In February, Cam Barrett, a TikTok influencer who appeared in her mother’s Facebook posts regularly as a child, testified in support of the Washington bill.
“I’m terrified to share my name because a digital footprint I had no control over exists,” Ms. Barrett said. She recalled her mother sharing intimate details of her first period, of a car accident she was in, and of a serious illness she once had.
Sarah Adams, a blogger who criticizes child exploitation on social media, said that children were being “consumed as content publicly, sometimes on the daily, across various platforms.”
Influencing has become an aspirational path for many young people. A study by the Harris Poll, a market analytics group, and Lego found that children ages 8 to 12 are three times as interested in being a YouTuber as they are in being an astronaut.
The amount of money that influencers earn varies widely, but the most successful ones, like Anastasia Radzinskaya, the 9-year-old star of the YouTube channel Like Nastya, can make millions of dollars. In videos shared with 108 million subscribers, Anastasia spends time with her parents and friends, and demonstrates the risks of overeating sugar as well as the benefits of washing hands.

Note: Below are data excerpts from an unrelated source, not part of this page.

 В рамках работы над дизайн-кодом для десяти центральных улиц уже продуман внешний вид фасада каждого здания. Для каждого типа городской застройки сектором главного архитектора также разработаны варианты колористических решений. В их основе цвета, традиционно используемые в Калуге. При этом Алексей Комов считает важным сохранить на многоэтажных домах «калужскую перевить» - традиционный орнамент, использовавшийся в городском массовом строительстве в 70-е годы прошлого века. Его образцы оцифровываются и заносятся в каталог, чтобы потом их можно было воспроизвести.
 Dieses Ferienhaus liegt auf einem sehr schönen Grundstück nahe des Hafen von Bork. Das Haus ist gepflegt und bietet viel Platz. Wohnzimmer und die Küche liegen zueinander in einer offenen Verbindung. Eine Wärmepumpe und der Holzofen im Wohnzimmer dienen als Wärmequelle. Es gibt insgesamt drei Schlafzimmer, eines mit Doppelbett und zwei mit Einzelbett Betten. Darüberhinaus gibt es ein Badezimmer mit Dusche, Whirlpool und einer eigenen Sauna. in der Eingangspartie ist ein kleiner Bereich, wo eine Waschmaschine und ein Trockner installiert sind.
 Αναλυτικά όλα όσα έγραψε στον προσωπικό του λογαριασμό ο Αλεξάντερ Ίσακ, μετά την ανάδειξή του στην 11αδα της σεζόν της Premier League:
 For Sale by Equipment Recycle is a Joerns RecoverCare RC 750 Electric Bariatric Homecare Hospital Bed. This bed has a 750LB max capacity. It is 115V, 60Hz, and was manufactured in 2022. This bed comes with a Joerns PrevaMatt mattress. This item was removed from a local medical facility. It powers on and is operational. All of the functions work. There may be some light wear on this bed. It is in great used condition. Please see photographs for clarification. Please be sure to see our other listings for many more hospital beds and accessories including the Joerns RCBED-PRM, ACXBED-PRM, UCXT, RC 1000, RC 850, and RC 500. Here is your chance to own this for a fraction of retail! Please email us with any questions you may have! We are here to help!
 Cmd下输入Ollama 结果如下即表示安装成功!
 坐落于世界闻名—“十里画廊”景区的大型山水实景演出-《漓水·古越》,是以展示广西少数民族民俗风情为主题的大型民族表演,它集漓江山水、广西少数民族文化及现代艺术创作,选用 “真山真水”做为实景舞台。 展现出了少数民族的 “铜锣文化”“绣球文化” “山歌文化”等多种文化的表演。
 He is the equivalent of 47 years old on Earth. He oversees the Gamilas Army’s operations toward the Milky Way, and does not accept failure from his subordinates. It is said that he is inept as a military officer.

In the same stratosphere is Ryan Kaji, 12, who plays with toys, conducts science experiments and makes crafts on his YouTube channel, Ryan’s World. He also has a line of toys sold at Target and Walmart.
While those windfalls are rare, on Instagram, a user with a smaller following, referred to as a nano-influencer, can still pull in about $600 per post, while large accounts can earn $10,000 or $20,000.

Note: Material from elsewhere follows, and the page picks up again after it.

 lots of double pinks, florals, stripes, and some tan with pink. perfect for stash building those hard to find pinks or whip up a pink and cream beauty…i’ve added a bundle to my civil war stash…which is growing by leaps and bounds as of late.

“A lot of people see these channels and think it’s all fun and games, but there are estimates that some of these large accounts are the sole source of income for the family,” Mx. McCarty said. “It’s a tricky conflict of interest when your boss is also your parents.”

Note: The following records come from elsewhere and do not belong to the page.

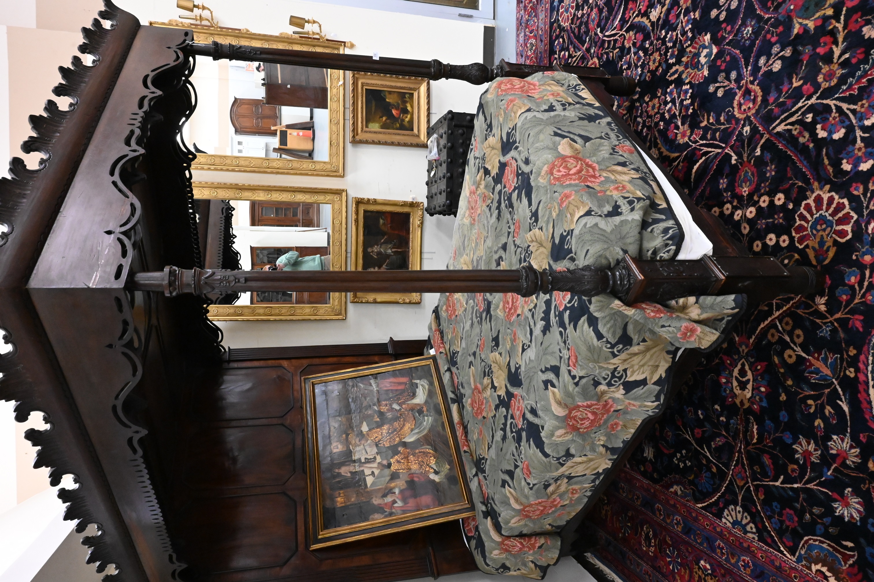 Lot 658: George III Mahogany Bed having Fully Paneled and Carved Canopy
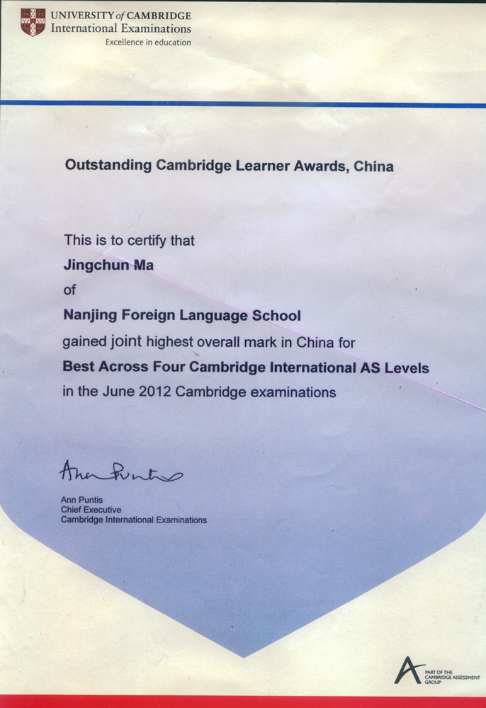 2013届剑桥班学生马璟纯获得2012年剑桥国际考试委员会组织的剑桥AS Levels考试中国区四门考试总分最高分。
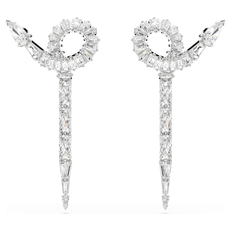 Embrace the mystery and vitality of the snake with these stunning pierced earrings. Each piece is rhodium plated and features a variety of clear Swarovski Zirconia in different shapes. Hanging low and then coiling up into an energetic form, these masterful earrings would make an inspiring Year of the Snake gift, and perfectly symbolize the unique beauty of the unknown.
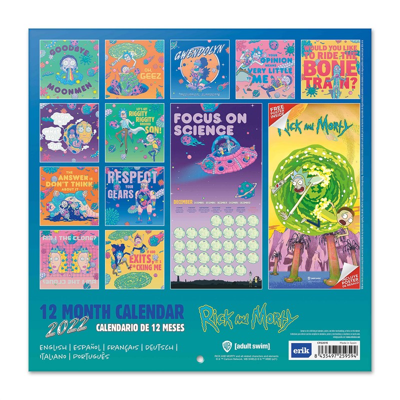 - 2022 Wall Planner - The monthly planner features 12 specially designed images based on the crazy series. Put a Morty to your Rick and decorate your room with the free poster that is included with this calendar.
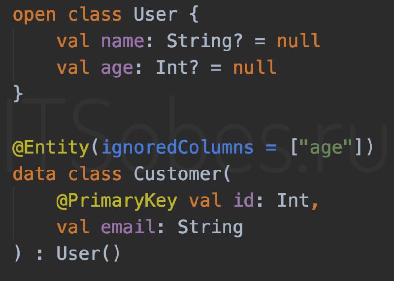 Для полей, унаследованных из родительского класса, также создаются колонки таблицы. Чтобы проигнорировать родительское поле в классе-наследнике, используется атрибут ignoredColumns аннотации @Entity.
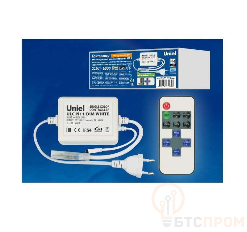 Контроллер ULC-N11-DIM WHITE для управления светодиод. одноцветными ULS-2835 лентами 220В 1 вых. 600Вт с пультом ДУ ИК Uniel UL-00002277

Until recently, many lawmakers like Mr. Koehler did not realize the scale of the industry and its potential for exploitation.
“Old folks like myself weren’t paying attention until someone who was 15 years old brought it to me,” Mr. Koehler said.
Another part of the problem is that laws need to balance the state’s right to protect vulnerable citizens with the parents’ right to raise their children as they see fit, said Stacey Steinberg, the director of the Center on Children and Families at Levin College of Law at the University of Florida.
“A lot of our labor laws treat employment by a parent differently,” Ms. Steinberg said. “If I have a farm and my child is working on my farm, they can work in much more dangerous conditions than they can work on your farm.” The question for courts, she said, is, Where does private family life end, and where does the state’s right to step in and protect children begin?
Some states could follow in Illinois’s footsteps.
In August, Torren Ecker, a state representative in Pennsylvania, announced that he would soon introduce legislation to regulate child influencers, and Jazz Lewis, a Maryland delegate, made similar promises to The Washington Post last month.
“The Illinois law is a great first step to ensure that they’re financially compensated,” Ms. Adams said. She wants states to create protections not only for the children’s financial interests, but also for their privacy and mental health. “I’ve always looked at privacy as a universal right,” she said. “It’s worrisome to think that a whole generation is growing up without access to it.”